Так или иначе, а он должен был участвовать в этой игре, не имея никаких гарантий.
Множество арестантов, если не большинство, так или иначе давали на это свое согласие. Я, конечно, не говорю о тех, чье согласие было вынуждено пытками, переходящими границу человеческих возможностей. Да, соглашались участвовать. Но делали это по очень разным побуждениям.

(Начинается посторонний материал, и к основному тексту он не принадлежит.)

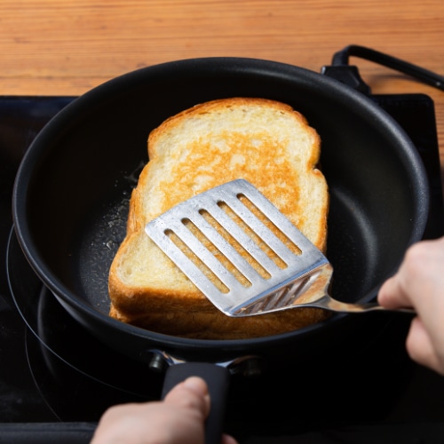 フライパンを中火で熱し、フライ返しで軽くおさえながら片面2~3分ずつ焼きます。半分に切って完成です。

В нашей двадцать девятой камере находился один из ближайших помощников Туполева, Тимофей Петрович Сапрыкин. Это был пожилой, желчный, озлобленный и мрачный человек, нелюдимый, ни с кем почти в камере не разговаривающий. Однажды его привели с допроса ночью, когда вся камера спала и только я, томимый тоской и бессонницей, сидел на нарах и курил. У Сапрыкина было лицо совершенно ошарашенного человека. При всем этом он был целехонек, без каких-либо следов следовательского усердия. Потребность поделиться пережитым была у Сапрыкина, очевидно, настолько сильной, что с него слетела свойственная ему молчаливость. И он обрадовался даже такому малознакомому собеседнику, как я.